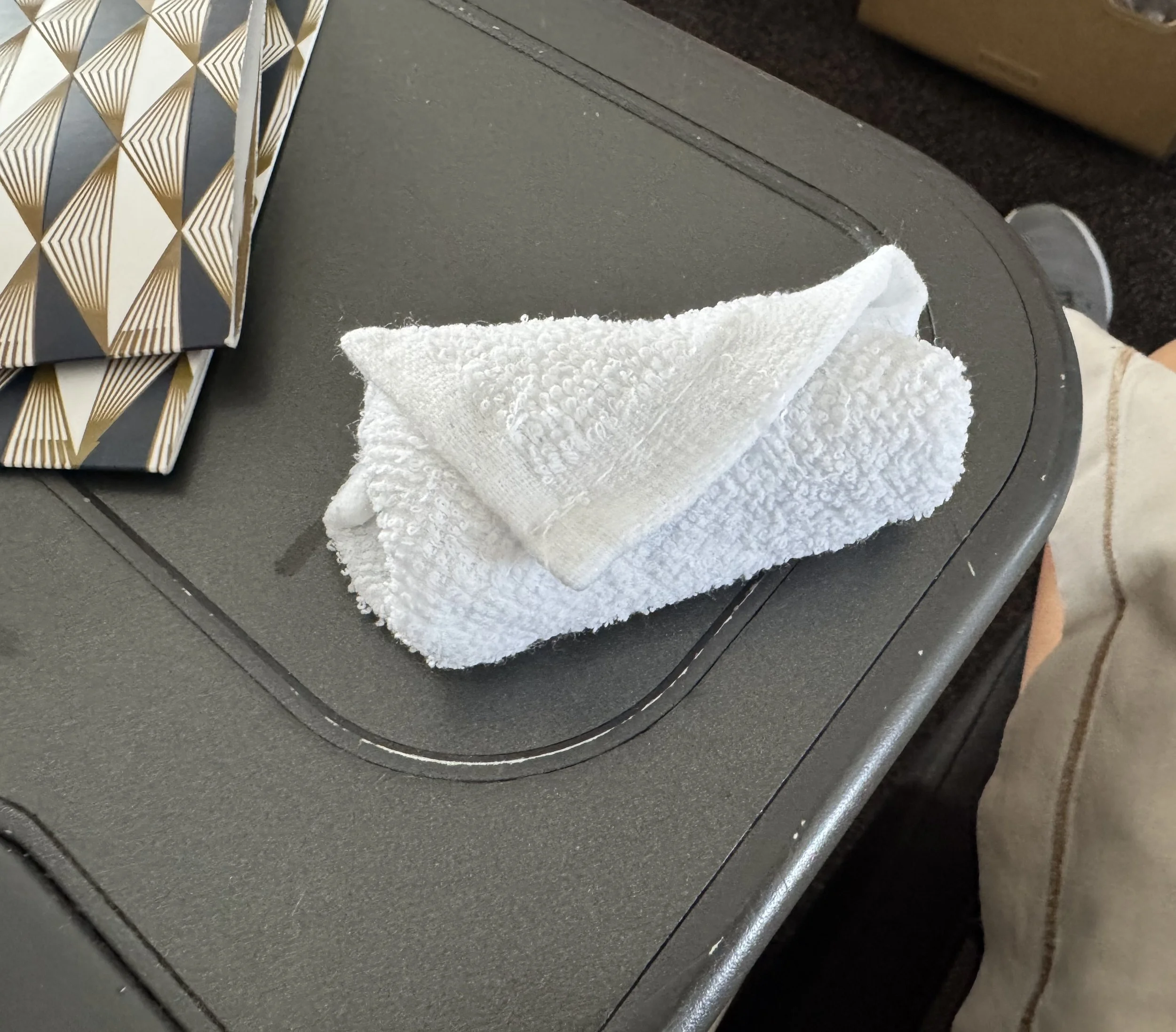 Service was very slow to get started. We got a hot towel once we leveled off, though it was an hour and some change until we received the next thing. It wasn’t a big deal on this westbound daytime flight, but I sure would hope for more expedient service in the other direction.
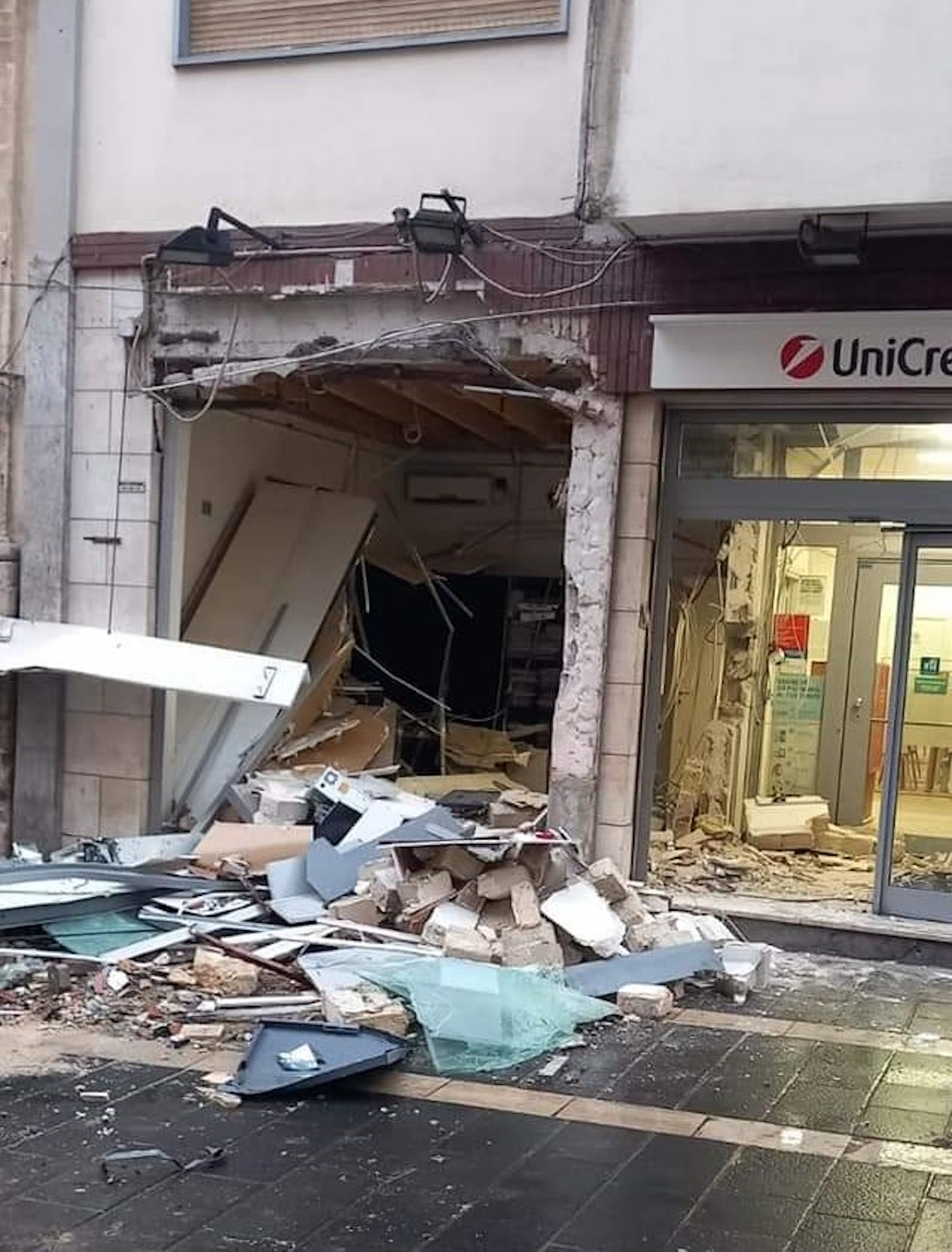 Quasi in contemporanea, a Buccheri, un altro gruppo è entrato in azione con modalità ancora più invasive. Utilizzando una pala meccanica, la banda ha sventrato la parete della filiale Unicredit, aprendo un varco per raggiungere le casse e prelevare il denaro custodito all’interno. Anche in questo caso l’azione si è svolta in pochi minuti, lasciando dietro di sé danni ingenti alla struttura.
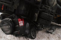 Утром 23 января на трассе Р-132 «Золотое кольцо» в Гусь-Хрустальном районе Владимирской области произошло столкновение кроссовера "Сузуки" с грузовиком "Вольво". В результате ДТП грузовик перевернулся на бок и раздавил рамно-интегрированный кузов внедорожника.
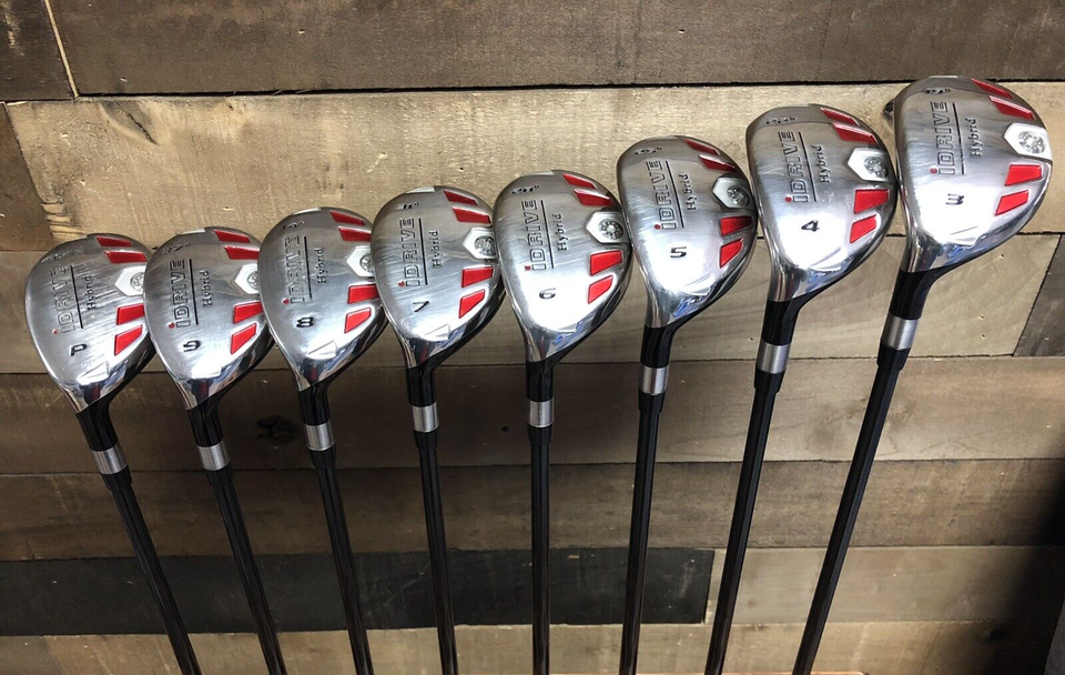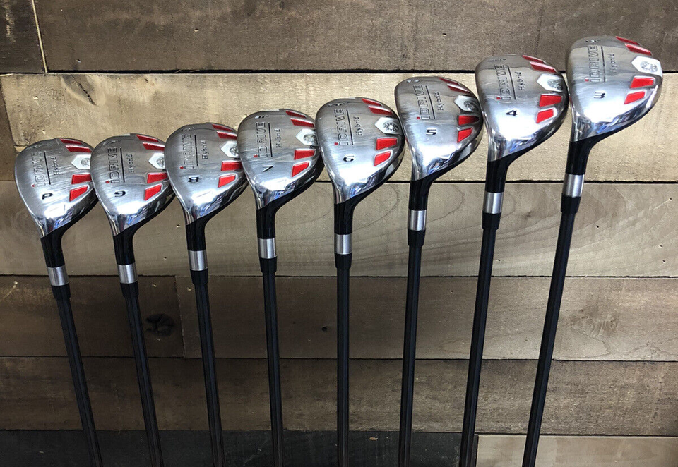 Replace Your Entire difficult to use iron set with the iDrive all hybrid iron set! Improve your Hybrid-Iron game! Benefits of the iDrive Hybrid: -More Weight Positioned Behind The "Sweet Spot" -Deeper Cavity Back Creates A Tighter Shot Dispersion, Which Increases The Accuracy On Off Center Hits. -Aerodynamic Design Creates A Reduction In Drag, Which Leads To Higher Club Head Speeds -Wide To Thin Crown Design Creates A Lower CG To Promote Higher Launch Angle For More Distance - Lightweight Premium Graphite Shafts Promotes Faster Swing Speed For Greater Distance. Your Custom Made iDrive Golf Hybrid Is Assembled By Hand In Riverside, CA, USA And Delivered Direct To Your Door.
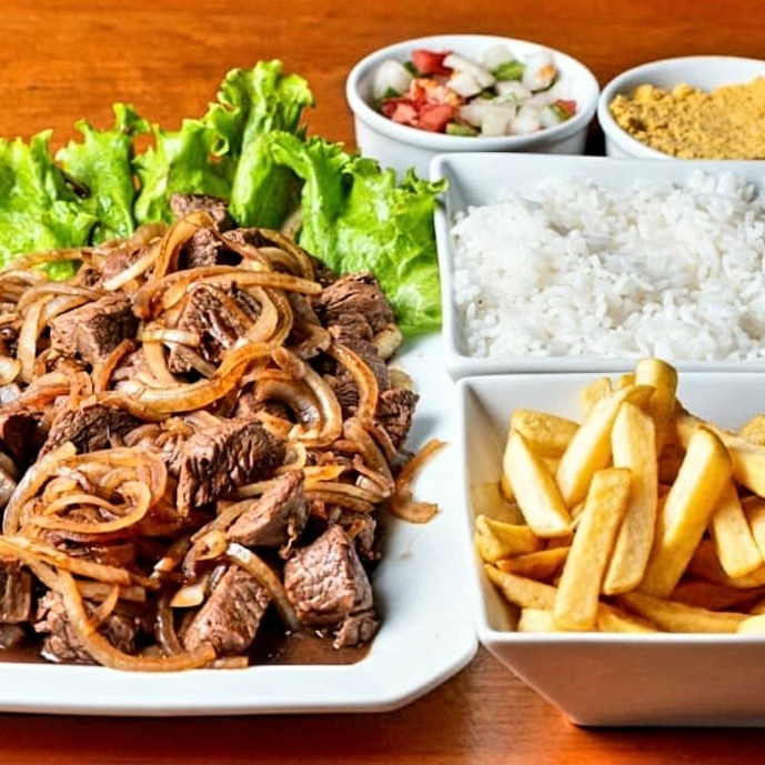 Executivo: Alcatra Acebolada, Com Arroz Branco, Farofa De Ovos E Fritas
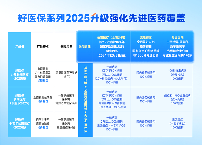 在先进医院的广覆盖上,“好医保”系列针对不同人群的特定疾病,首次将全国470家先进医院纳入保障范围,这470家先进医院包含了全国知名三甲医院的特需部、国际部,以及部分私立医疗机构,例如协和医院国际部、中日友好医院国际部等,并扩展了10家质子重离子先进诊疗中心,大大提升了特定关键疾病就医体验、效率和前沿疗法的可及性。
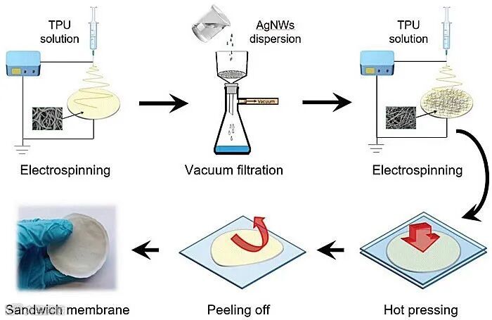 通过将多孔热塑性弹性体与AgNWs导电网络体系复合,研究团队构筑了“三明治”结构高性能、柔性复合导电材料。研究中采用的静电纺丝、抽滤沉积技术便于复合材料体系的大面积制备及分层膜结构精细调控;该复合导电膜体系展现出优异机械性能、柔性及导电性,在智能可穿戴电子器件及软体机器人制造方面具有广阔的应用前景。
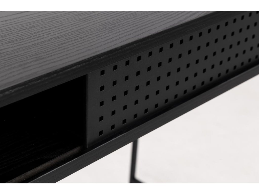 Stůl Angus spojuje přírodní vzhled popelavě-černého jasanu se subtilním ocelovým rámem v matné černé. Čisté linie a otevřená konstrukce působí odlehčeně, ale zároveň nabízejí pevnou pracovní plochu, která zvládne i náročný pracovní den. Pod deskou se ukrývá praktická police s kovovými posuvnými dvířky – ideální místo pro papíry či kancelářské potřeby, aby zůstal váš stůl vždy uklizený.
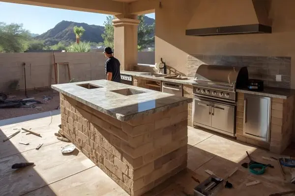 The cost of an outdoor kitchen in Arizona can range anywhere from $8,000 to $25,000 or more, depending on size, materials, and features. A simple BBQ island with storage and a countertop will cost less, while a fully equipped outdoor kitchen with appliances, stonework, utilities, and a pergola cover will be on the higher end.
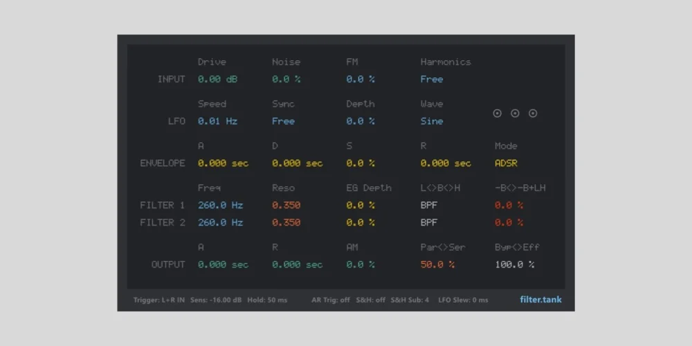 One of filter.tank’s most distinctive characteristics is its entirely text-based user interface. Unlike the prevalent graphical user interfaces featuring virtual knobs, sliders, and visualizers, filter.tank displays all parameters as numerical values – hertz for frequencies, milliseconds for times, percentages for levels, and so forth. This design choice offers both advantages and unique considerations for users.

Action item = Restate all of the material above word for word, excluding the pictures.

Written response =
 Service was very slow to get started. We got a hot towel once we leveled off, though it was an hour and some change until we received the next thing. It wasn’t a big deal on this westbound daytime flight, but I sure would hope for more expedient service in the other direction.
 Quasi in contemporanea, a Buccheri, un altro gruppo è entrato in azione con modalità ancora più invasive. Utilizzando una pala meccanica, la banda ha sventrato la parete della filiale Unicredit, aprendo un varco per raggiungere le casse e prelevare il denaro custodito all’interno. Anche in questo caso l’azione si è svolta in pochi minuti, lasciando dietro di sé danni ingenti alla struttura.
 Утром 23 января на трассе Р-132 «Золотое кольцо» в Гусь-Хрустальном районе Владимирской области произошло столкновение кроссовера "Сузуки" с грузовиком "Вольво". В результате ДТП грузовик перевернулся на бок и раздавил рамно-интегрированный кузов внедорожника.
 Replace Your Entire difficult to use iron set with the iDrive all hybrid iron set! Improve your Hybrid-Iron game! Benefits of the iDrive Hybrid: -More Weight Positioned Behind The "Sweet Spot" -Deeper Cavity Back Creates A Tighter Shot Dispersion, Which Increases The Accuracy On Off Center Hits. -Aerodynamic Design Creates A Reduction In Drag, Which Leads To Higher Club Head Speeds -Wide To Thin Crown Design Creates A Lower CG To Promote Higher Launch Angle For More Distance - Lightweight Premium Graphite Shafts Promotes Faster Swing Speed For Greater Distance. Your Custom Made iDrive Golf Hybrid Is Assembled By Hand In Riverside, CA, USA And Delivered Direct To Your Door.
 Executivo: Alcatra Acebolada, Com Arroz Branco, Farofa De Ovos E Fritas
 在先进医院的广覆盖上,“好医保”系列针对不同人群的特定疾病,首次将全国470家先进医院纳入保障范围,这470家先进医院包含了全国知名三甲医院的特需部、国际部,以及部分私立医疗机构,例如协和医院国际部、中日友好医院国际部等,并扩展了10家质子重离子先进诊疗中心,大大提升了特定关键疾病就医体验、效率和前沿疗法的可及性。
 通过将多孔热塑性弹性体与AgNWs导电网络体系复合,研究团队构筑了“三明治”结构高性能、柔性复合导电材料。研究中采用的静电纺丝、抽滤沉积技术便于复合材料体系的大面积制备及分层膜结构精细调控;该复合导电膜体系展现出优异机械性能、柔性及导电性,在智能可穿戴电子器件及软体机器人制造方面具有广阔的应用前景。
 Stůl Angus spojuje přírodní vzhled popelavě-černého jasanu se subtilním ocelovým rámem v matné černé. Čisté linie a otevřená konstrukce působí odlehčeně, ale zároveň nabízejí pevnou pracovní plochu, která zvládne i náročný pracovní den. Pod deskou se ukrývá praktická police s kovovými posuvnými dvířky – ideální místo pro papíry či kancelářské potřeby, aby zůstal váš stůl vždy uklizený.
 The cost of an outdoor kitchen in Arizona can range anywhere from $8,000 to $25,000 or more, depending on size, materials, and features. A simple BBQ island with storage and a countertop will cost less, while a fully equipped outdoor kitchen with appliances, stonework, utilities, and a pergola cover will be on the higher end.
 One of filter.tank’s most distinctive characteristics is its entirely text-based user interface. Unlike the prevalent graphical user interfaces featuring virtual knobs, sliders, and visualizers, filter.tank displays all parameters as numerical values – hertz for frequencies, milliseconds for times, percentages for levels, and so forth. This design choice offers both advantages and unique considerations for users.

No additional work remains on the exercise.